Mario Draghi parle pour en dire le moins
possible
Tout d'abord, voyons ce qu'en dit Mario Draghi
lui-même (Financial Times, 18/12/2011) :
MD : The objective is to ease the funding pressures that banks are experiencing. They will then decide
what the best use of these funds is (...)"
FT : Is this Europe’s version of
“quantitative easing” ?
MD : Each jurisdiction has not only its
own rules, but also its own vocabulary. We call them non-standard measures.
They are certainly unprecedented. But the reliance on the banking channel
falls squarely in our mandate, which is geared towards price stability in the
medium term and bound by the prohibition of monetary financing [central bank
funding of governments].
Coming back to what banks are going to do with this money :
we don’t know exactly.

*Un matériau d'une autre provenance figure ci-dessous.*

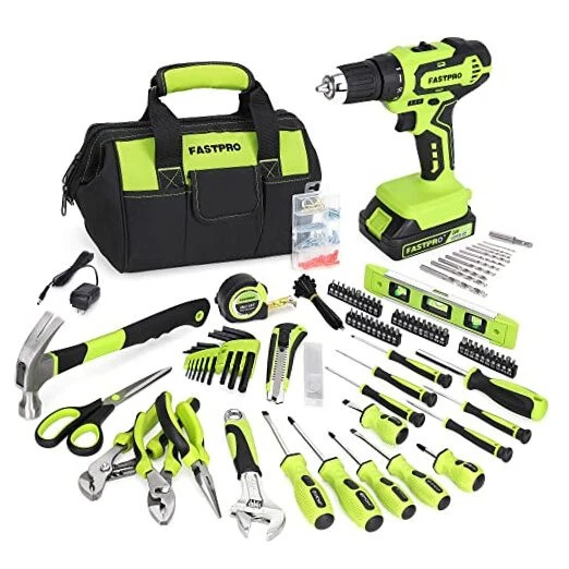 Return Policy Fast Delivery Trusted seller 232-Piece 20V Cordless Lithium-ion Drill Driver and Home Tool Set, Household Repairing Tool Kit with Drill, 12-Inch Wide Mouth Open Storage Tool Bag, Green Product Description The drill kit contains almost every basic hand tools you need for work and DIY projects around the house The cordless drill driver is powered by a max powerful 20-Volt, 1.5AH Lithium-ion battery for enough power for a full range of applications .It features a 3/8 in. keyless chuck with a 19-position clutch adjusts torque output to control the depth of the screw or fastener. The drill is designed with variable 2-speed settings (0-400 rpm and 0-1500 rpm) for multiple purposes. Pliers are constructed by forged steel with heat treatment for strength and durability, hardened cutting edge for easy jobs. 12-inch tool bag for well organization. Notice:This is a carbon brushes drill. It is normal that the brushes produce sparks from the electromagnetic charge which are clearly visible inside the drill. Includes cordless drill driver, slip joint pliers, groove joint pliers, adjustable wrench, long nose pliers, magnetic screwdriver holder, screwdriver bits, tape measure. The tool kit with drill is perfect for your home use or gifts Shipping Returns Payment Shipping Shipping is FREE to all addresses other than APO/PO boxes in the lower 48 states. All our stock ships from US-based warehouses. Shipped via USPS or UPS (depending on location and package weight) Unless stated otherwise, all orders will ship within 24-72 hours of your payment being processed. Check our feedback to see the great reviews of FAST shipping we offer. Returns Seller does not accept returns Payment We currently accept payment via eBay managed payments only. Once payment is cleared, we will dispatch your shipment within 1-3 business days. Please refer to the "Shipping" tab for more information regarding shipping speed to your destination.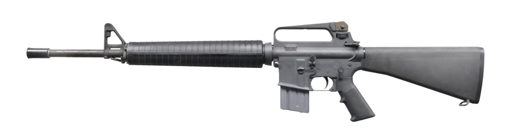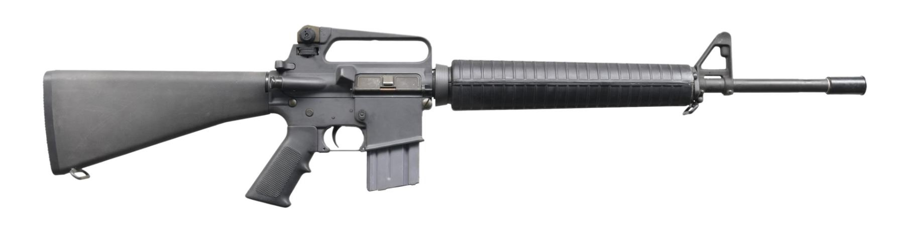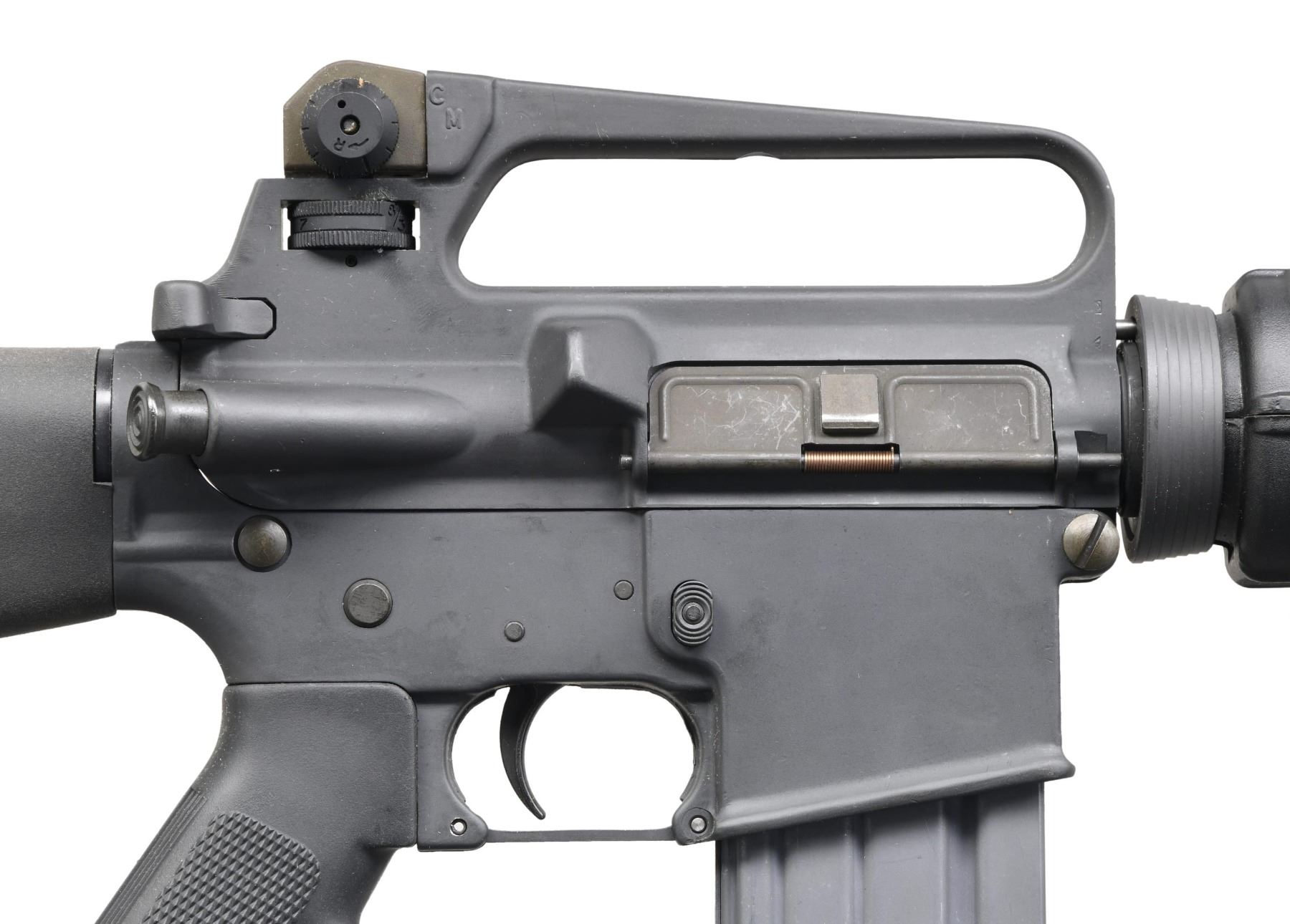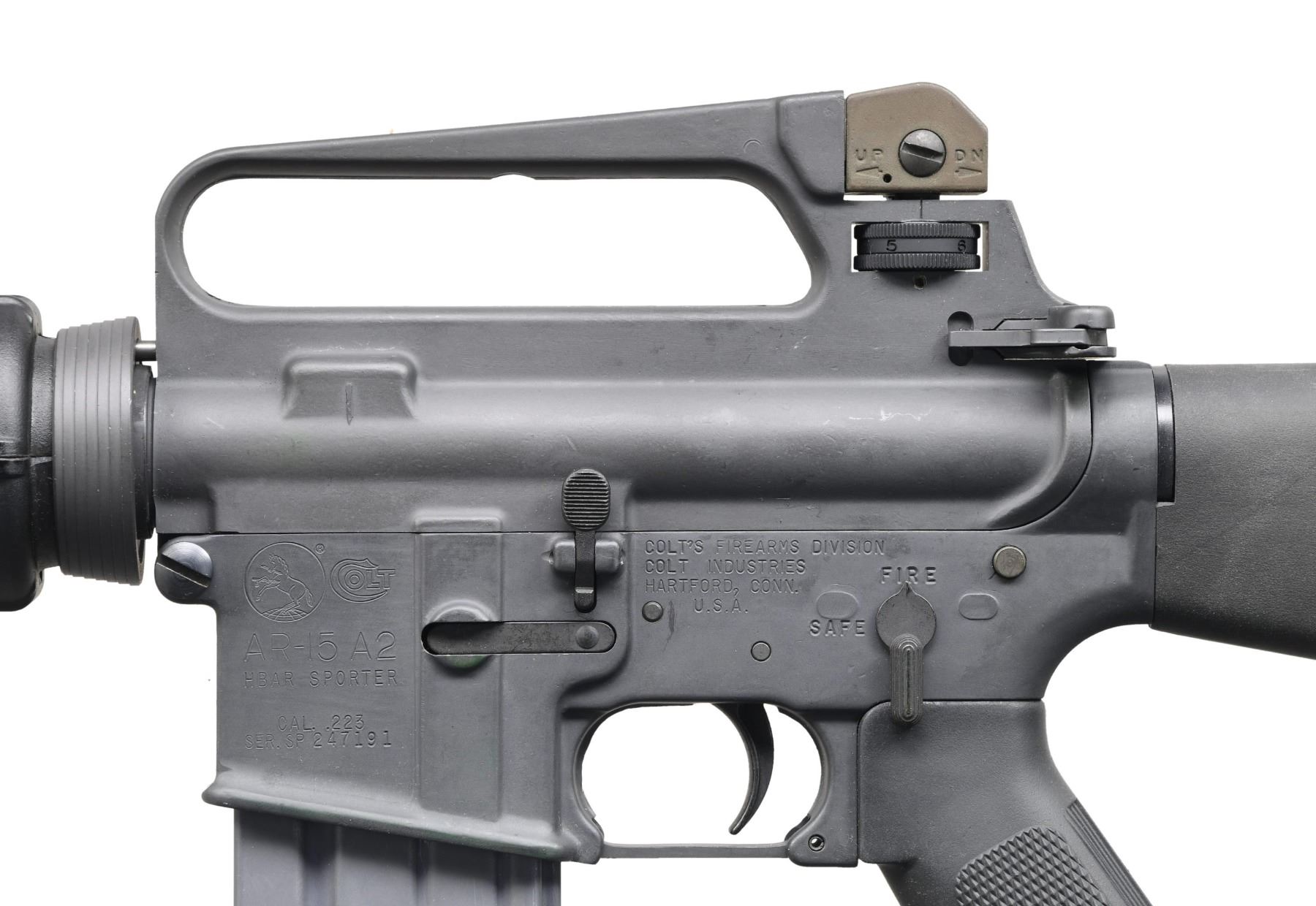 SUBCALIBER CONVERSION KIT. Cal. 223. S# SP247191. Bbl. 20". A nice transitional era Colt H-Bar Sporter. Threaded, heavy 1/7 barrel terminated w/ A2 flash hider. Protected post front sight / gas block w/ no bayonet lug. Full length A2 rifle handguards retained w/ tapered delta ring. Duel screw front takedown pin. Carry handle upper receiver w/ round forward assist & brass deflector. Dual aperture, windage & elevation adjustable rear peep sight. Full length shoulder stock w/ trap door for cleaning kit. No block in lower receiver but utilizes full slot cut bolt carrier. MAGS: 2 factory 5 rd. UNATTACHED ACCESSORIES: Original green label box, black nylon sling, .22 LR subcaliber kit w/ 10 rd. mag. & owners manual. CONDITION: All aspects indicate very little use. 22LR subcaliber kit also remains in its original factory packaging. No marks on brass deflector from ejection, which happens almost immediately. Bright bore w/ strong rifling. Fire control mechanism appears to function correctly when cycled by hand. PROVENANCE: The Estate Collection of Charles Wagner. (24-4675/JZ). MODERN. $800-1,200.

The important thing was to relax the funding
pressures. Banks will decide in total independence what they want to do,
depending on what is the best risk / return combination for their businesses.
One of the things that they may do is to buy sovereign bonds. But it is just
one. And it is obviously not at all an equivalent to the ECB stepping-up bond
buying.
Question langue de bois, Super
Mario n'a pas de leçons à prendre : "faciliter le
financement des banques", "Elles en feront ce qu'elles
voudront", "on n'appelle pas ça du quantitative easing chez les gens bien élevés",
"les banques pourront acheter de la dette souveraine mais pas
nécessairement", etc...
La LTRO : simple opération classique d'apport de liquidité ?
Certainement pas.
Essayons donc de procéder par élimination : la LTRO "3 ans
- 1%" est-elle une opération de "prêt en dernier
ressort classique" ?
Selon la sagesse des banquiers centraux, incarnée par Sir Mervyn King,
patron de la banque d'Angleterre :
"L'expression prêteur en dernier ressort" est employée
par des gens qui (...) ne savent pas de quoi ils parlent (...). Il est clair
depuis l'origine que, pour une banque centrale, être prêteur de
dernier recours signifie prêter à des institutions bancaires
réputées solvables (Ndvb : et qui
ont simplement un problème de liquidité). Cela ne peut
être fait que contre du bon collatéral, et à un taux
d'intérêt pénalisant. Voilà ce que signifie
"prêteur de dernier ressort".
Il est clair que la LTRO ne répond pas à cette
définition : le collatéral exigible peut n'être
noté que "Simple A", ce qui est juste correct, et le taux
d'intérêt exigé est tout sauf pénalisant. En fait,
le taux exigé par la BCE est très inférieur à ce
que le marché exigerait d'un placement noté simple A
actuellement. En clair, cela veut dire que la BCE ACCEPTE DE PRENDRE A SON
COMPTE DANS SON BILAN, POUR TROIS ANS, les risques portés par des
placements notés "A" et sur lesquels les banques ont de
sérieux doutes (elles veulent donc s'en débarrasser), et
permet à ces mêmes banques de rechercher des usages moins
risqués et correctement rémunérés pour cet
"argent frais" créé de nulle part la BCE... Si tant
est que de tels placements existent aujourd'hui.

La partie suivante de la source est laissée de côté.